#### HOW TO COMPLETE THIS TASK
Repeat the following data exactly, omitting pictures.

#### DATA EXCERPT

#####

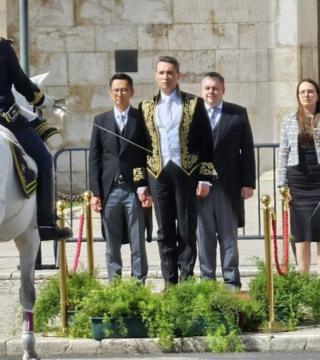Лиссабон, 31 марта 2025 года – На исторической площади «Праса-ду-Империу», а затем в Беленском дворце состоялась торжественная церемония вручения верительных грамот Послом Республики Казахстан Жаном Галиевым Президенту Португальской Республики Марселу Ребелу де Соуза.
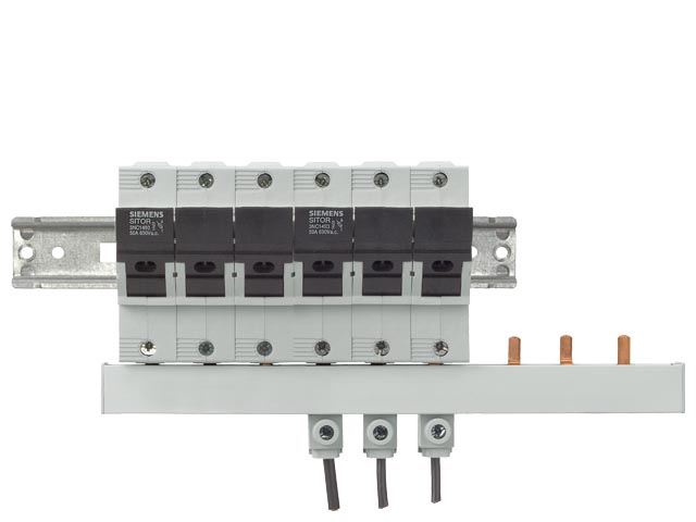 - Монтаж с помощью сборной шины и прямой ввод питания на основания предохранителей через вводные клеммы сечением до 35 mm²
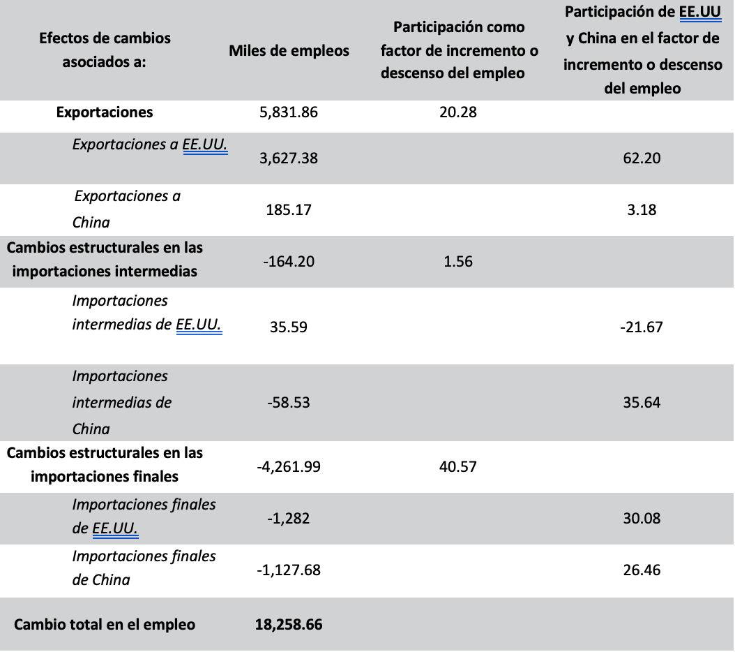 De esta manera, con base en las MIP de la WIOD y de la OCDE se mantiene la concentración del efecto positivo de las exportaciones en aquellas dirigidas a EE.UU. mientras las importaciones intermedias y finales provenientes de China aportan buena parte de los efectos negativos en el empleo.

#####

#### EXERCISE SOLUTION
Лиссабон, 31 марта 2025 года – На исторической площади «Праса-ду-Империу», а затем в Беленском дворце состоялась торжественная церемония вручения верительных грамот Послом Республики Казахстан Жаном Галиевым Президенту Португальской Республики Марселу Ребелу де Соуза.
 - Монтаж с помощью сборной шины и прямой ввод питания на основания предохранителей через вводные клеммы сечением до 35 mm²
 De esta manera, con base en las MIP de la WIOD y de la OCDE se mantiene la concentración del efecto positivo de las exportaciones en aquellas dirigidas a EE.UU. mientras las importaciones intermedias y finales provenientes de China aportan buena parte de los efectos negativos en el empleo.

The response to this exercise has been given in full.